\begin{tabular}{l} Graph the equation. \\ \( \qquad y=3|x+3| \) \\ \hline\end{tabular}

While I cannot directly graph the equation, I can guide you through the process of graphing the equation \( y = 3|x + 3| \). ### Step-by-Step Guide to Graphing \( y = 3|x + 3| \) 1. **Identify the Vertex**: - The expression inside the absolute value, \( x + 3 \), equals zero when \( x = -3 \).
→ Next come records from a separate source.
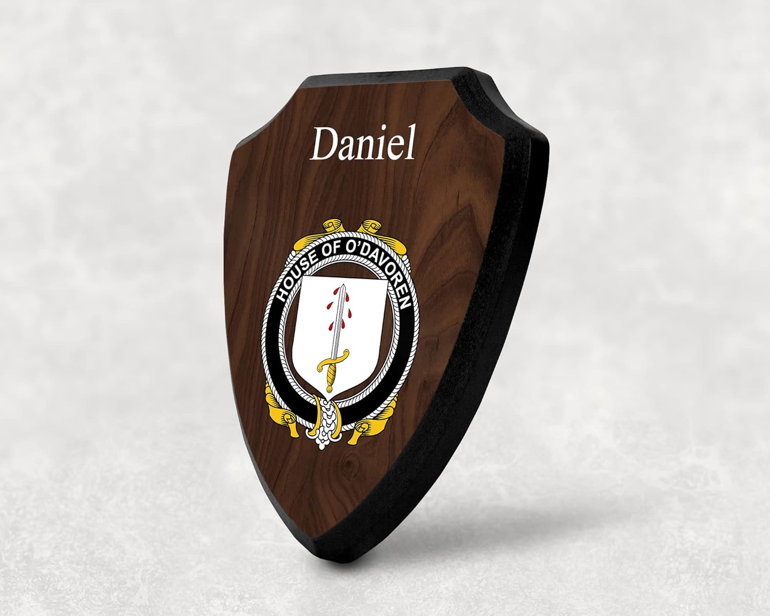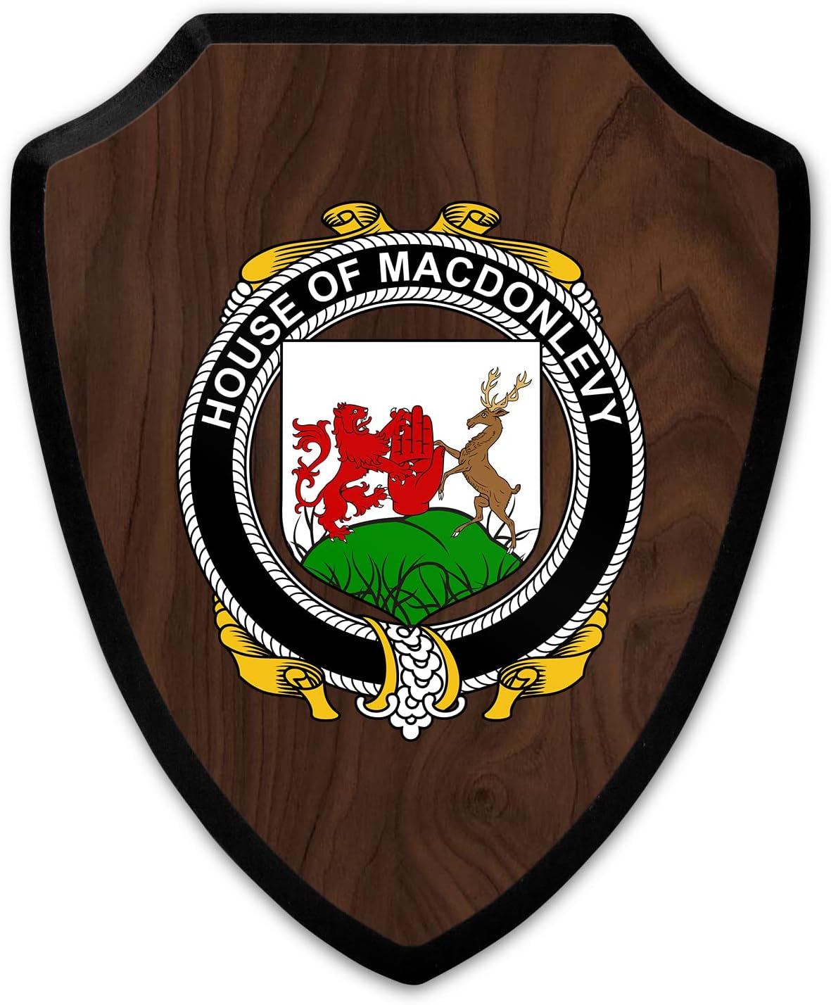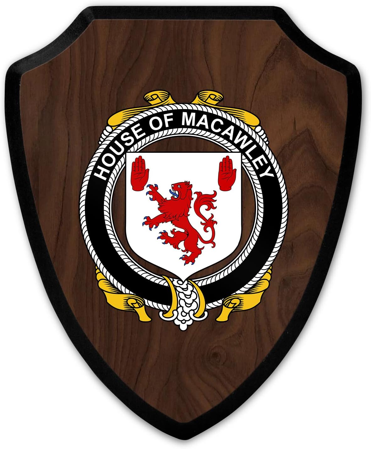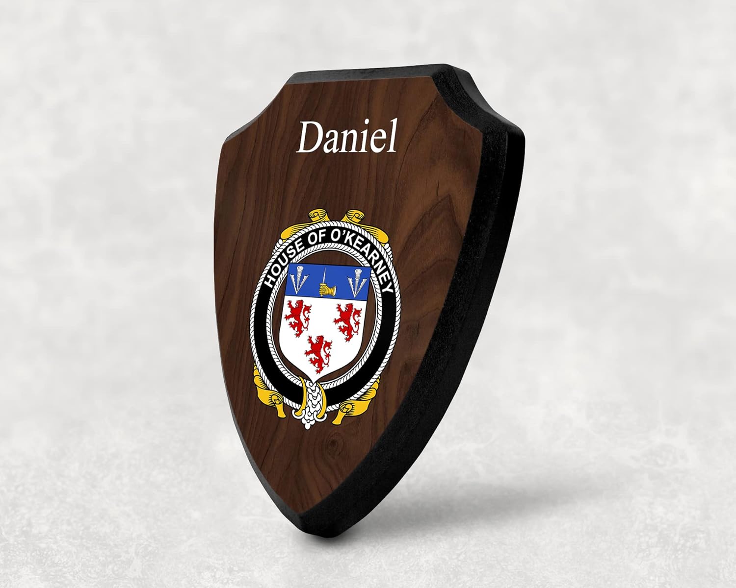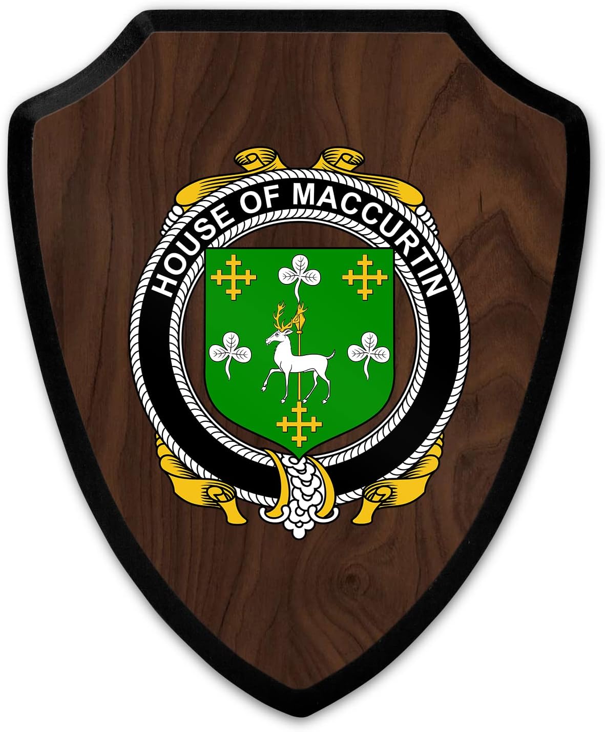This beautifully crafted shield-shaped plaque is the perfect way to display your family crest. Measuring 7.75 inches wide by 9.125 inches tall, this plaque is the ideal size to be displayed on a wall, door or any other place of your choice. The plaque is sublimated, meaning the image of your family crest is infused into the surface of the plaque, ensuring the design will not fade or peel over time. This process also allows for vibrant and long-lasting colors that truly make your crest stand out. With its smooth edges and high-quality finish, this plaque is sure to be a treasured family heirloom for years to come. The back of the plaque has an inset hole which enables easy hanging, giving you flexibility in where to showcase it. Whether you choose to display it in your home, office, or give it as a gift, this sublimated shield-shaped plaque is a stunning way to celebrate your family heritage.
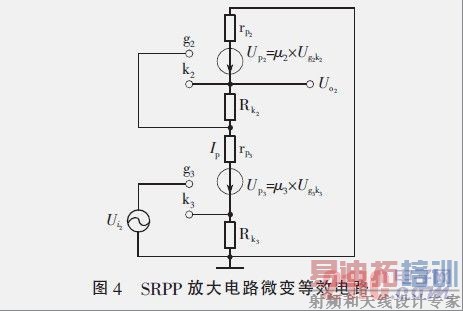 从式(11)~(13)可计算得到SRPP放大电路的输出阻抗为:
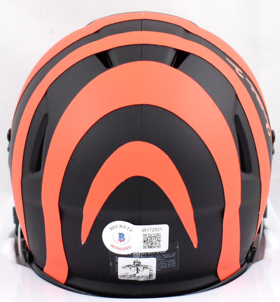 Ja'Marr Chase Autographed Cincinnati Bengals Eclipse Speed Mini Helmet -Beckett W Hologram *Orange This is a Ja'Marr Chase of the Cincinnati Bengals hand autographed Riddell Football Eclipse Speed Mini Helmet. This item has a Beckett Witnessed Authentication, which comes with a numbered hologram and a QR code for verification. You can view this item on the Beckett Authentication website. It was signed either at a public autograph appearance or a private signing. This is a stock photo of the item. Although you may not receive this exact item, the item you receive is virtually identical, brand new, and in great shape.
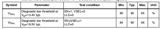 “1”。输出电压诊断仅在LLC=0和AUX=0时有效。任何VMONLLC=1和/或AUX=1的信息必须被MCU忽略。

This point is the vertex of the graph. - At \( x = -3 \): \[ y = 3|(-3) + 3| = 3|0| = 0 \] - So, the vertex is at the point \((-3, 0)\). 2. **Determine the Slope**: - The absolute value function creates a V-shape. The slope of the lines will change at the vertex. - For \( x < -3 \) (to the left of the vertex), the equation simplifies to: \[ y = 3(-x - 3) = -3x - 9 \] - For \( x > -3 \) (to the right of the vertex), the equation simplifies to: \[ y = 3(x + 3) = 3x + 9 \] 3. **Calculate Points**: - Choose a few values of \( x \) to find corresponding \( y \) values: - For \( x = -4 \): \[ y = 3|-4 + 3| = 3| -1 | = 3 \] Point: \((-4, 3)\) - For \( x = -2 \): \[ y = 3|-2 + 3| = 3|1| = 3 \] Point: \((-2, 3)\) - For \( x = -6 \): \[ y = 3|-6 + 3| = 3|-3| = 9 \] Point: \((-6, 9)\) - For \( x = 0 \): \[ y = 3|0 + 3| = 3|3| = 9 \] Point: \((0, 9)\) 4. **Plot the Points**: - Plot the points \((-3, 0)\), \((-4, 3)\), \((-2, 3)\), \((-6, 9)\), and \((0, 9)\) on a coordinate plane. 5. **Draw the V-Shape**: - Connect the points to form a V-shape, with the vertex at \((-3, 0)\) and the arms extending upwards. ### Summary The graph of \( y = 3|x + 3| \) is a V-shape with its vertex at \((-3, 0)\) and slopes of -3 to the left and +3 to the right. You can use graphing software or a graphing calculator to visualize it more accurately.